The Definitive Constitution of the Kingdom of Burundi (Constitution Définitive du Royaume du Burundi; Ishimikiro ry'Ingoma y'i Burundi), sometimes called the "independence constitution", was the constitution of the independent Kingdom of Burundi from its promulgation in 1962 until its suspension in 1966.

== Background ==
From 1919 to 1962 Burundi was governed as a mandatory territory by Belgium as part of Ruanda-Urundi. The Belgian administration exercised authority on the basis of decrees, regulations, and by-laws, but never produced a formal constitution. A provisional constitution was promulgated in November 1961. It was repealed on 30 June 1962, the day before independence.

Following adoption by the National Assembly, the constitution was promulgated on 16 October 1962 with retroactive application to 1 July. The promulgation order was signed by Mwami Mwambutsa IV, Prime Minister André Muhirwa, and Minister of Justice Claver Nuwinkware.

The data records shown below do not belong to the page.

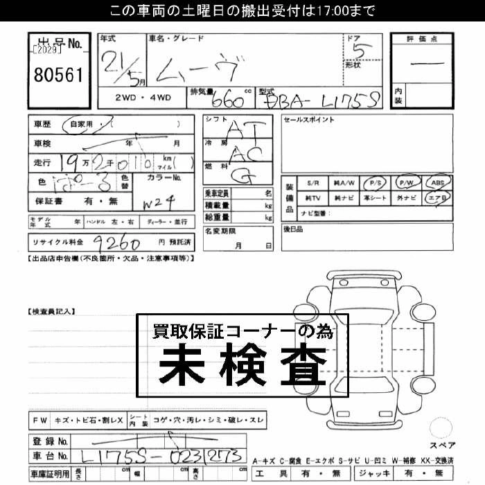 | L | DBA-L175S | KF-VE | FF | 4AT | 658cc | 58ps(43kW)/7200rpm | AИ-92 | 1 050 000 | |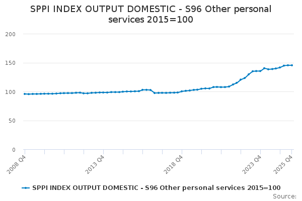 Download this time seriesSPPI INDEX OUTPUT DOMESTIC - S96 Other personal services 2015=100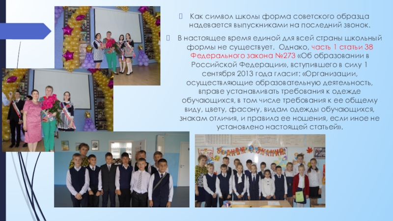 Слайд 11Как символ школы форма советского образца надевается выпускниками на последний звонок.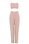Featuring a pastel peach side vent jacket in georgette base with self color thread and off white beads embroidery. It is paired with matching inner spaghetti top and slim fit pants.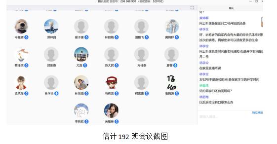 本次疫情防控线上主题班会充分利用网络新媒体技术,跨越空间障碍,发挥线上实时互动的优势,不仅加强了计科学子的自我教育、自我管理和自我服务,也让他们对疫情防控期间学校各项防疫措施、线上教学工作安排等有了更加深刻的了解和认识,与此同时各班还介绍了学院党员投入疫情防控工作的典型事例,激励大家向先进看齐。通过本次线上主题班会,同学们对此次新冠肺炎疫情更加了解,也对自己接下来的学习任务和日程安排更加清晰。大家纷纷表示,一定按照学校要求上好网课、居家隔离,用实际行动为疫情防控做出自己的贡献。

== Framework and provisions ==
=== Overview ===
The constitution was largely based on the Belgian and French legal systems, both derived from the Napoleonic Code. Some provisions were taken verbatim from the Belgian constitution of 1832. It was written in French with an official translation offered in Kirundi. It consisted of 123 articles. It established Burundi as a constitutional monarchy with eight provinces: Bubanza, Bukirasazi, Bururi, Gitega, Muramvya, Muyinga, Ngozi, and Ruyigi. Article 21 declared French and Kirundi as the country's official languages. Article 23 declared that all governmental power was derived from "the Nation". Article 113 declared "God, King, and Burundi" to be the national motto and article 114 designated Bujumbura as the capital. Article 18 stipulated that the constitution could not be suspended.

=== Bill of rights ===
Articles 4–22 served as a bill of rights, enumerating the basic civil, political, and economic rights of Burundians. Article 6 declared that the legal system made no racial distinctions and gave Burundians equality before the law. Article 13 ensured the freedom of religion. Article 17 guaranteed the freedom of the press. Article 19 granted Burundians the right to petition the government. Article 20 guaranteed the "secrecy" of letters. The freedoms of association and assembly were also recognised. The freedoms of the press, secret correspondence, and association were subject to exceptions to be determined by law.

=== Legislature ===
Articles 23–50 established the Parliament of Burundi as a bicameral entity with a National Assembly and a Senate and laid out their powers. Article 24 stated that legislative authority was shared by the Mwami and Parliament, and article 5 assured that "authoritative interpretation of the laws" rested with them. Article 44 stipulated that the deputies of the National Assembly were to be directly elected by male and female citizens. Article 50 provided for the creation of the Senate but did not require its existence, reading, "the Senate may be created on the initiative of the legislative power [Mwami and National Assembly]". The Senate was empowered to review legislation but not propose bills on its own accord. Parliament was given responsibility for creating a national budget. Article 105 requested that the National Assembly appoint an Accounts Court to oversee national expenditures. Article 122 listed additional parliamentary powers and requested that the legislature create regulations concerning 11 subjects, including the press, finances, the organisation of the judiciary, administrative organisation of provinces and communes, organisation of the armed forces, and the responsibilities of ministers. Parliament was empowered to demand the presence of government ministers at its proceedings and could initiate public inquiries. Members of Parliament enjoyed parliamentary immunity and could only be prosecuted if stripped of immunity by the chamber of which they were a member or in instances where they had committed a conspicuous offense.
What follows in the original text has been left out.